|Subject||As Exports Fall Short Of Mark, Govt Sets $500B Target For Fy17|
The government will come out with a new three-year export strategy soon to reset India’s merchandise export target beyond $500 billion a year by 2016-17. It is to be noted that the target for the three years ending in March will be missed by a wide margin.
“We are resetting our exports target for the next three years. It is expected to be ready by the middle of January. Yes, we did not achieve the target set prior to the global slowdown for three years ending March 2014. Now with the global economy recovering, we are likely to have a three-year target which will be more than $500 billion a year,” a top commerce ministry official told Financial Chronicle.
The new target will be for the three years beginning next April to March 2017.
When the economy was growing by over 9 per cent during 2004-08, India clocked over 22-27 per cent annual growth in exports. But subsequently it fell and for the most part of 2010-11 exports actually declined.
Later, with a fiscal and monetary stimulus, the economy picked up; so did exports which clocked $246 billion in 2011-12 when the target was $200 billion. Buoyed by this, the government set an ambitious target to double annual exports to $500 billion by 2013-14. This required annual exports growth of 26.7 per cent.
But actual exports are expected to be $325 billion in 2013-14, which the commerce ministry is confident of achieving.
India should be happy to clock 12-15 per cent export growth this year, a trade analyst said. In certain months clocking even double-digit growth appeared difficult, he added.
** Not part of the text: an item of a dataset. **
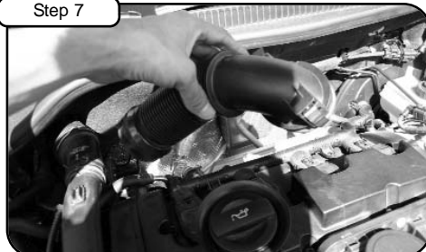
With pliers or channel locks, remove clamp off OE intake tube and remove from turbo. Also make sure OE turbo coupler is removed.

India’s export growth this year will be nowhere near the 22 per cent annual growth projected in the five-year foreign trade policy, which also expected $446 billion annual exports, analysts say.
There are lessons to be learnt from China, which kept its currency stable for decades, making manufacturing competitive and helping exports grow rapidly. “In India, our currency keeps on depreciating, hiding the deficiencies in our manufacturing,” Atul Joshi, MD and CEO of India Ratings & Research, said.
Unless India’s manufacturing became competitive, it was not possible for our exports to grow at the brisk pace of 25-30 per cent on a sustained basis like China, he said. India had a high economic growth potential, but it would take at least two years for the country to get back to 8 per cent GDP growth, he added.
Government economists say that from a longer-term perspective, accelerating growth in merchandise exports will build up the manufacturing strength of the economy. Production of goods meeting international standards requires awareness of how frontiers of technology and innovation are widening. There were also need to diversify India’s export basket and destination, they say.
The double-digit (11.7 per cent) growth in merchandise exports during July-October can be attributed to a tentative revival of global demand and a low base effect. In aggregate merchandise exports in the first 10 months of 2013 were 5.2 per cent and 2.6 per cent higher than in the corresponding periods of 2012 and 2011, respectively, India Ratings said in a report.
In the absence of any further global shocks and continuation of the easy money policy in the US and the euro zone, the revival in India’s export growth is likely to be sustained with a marginal positive bias, the report says.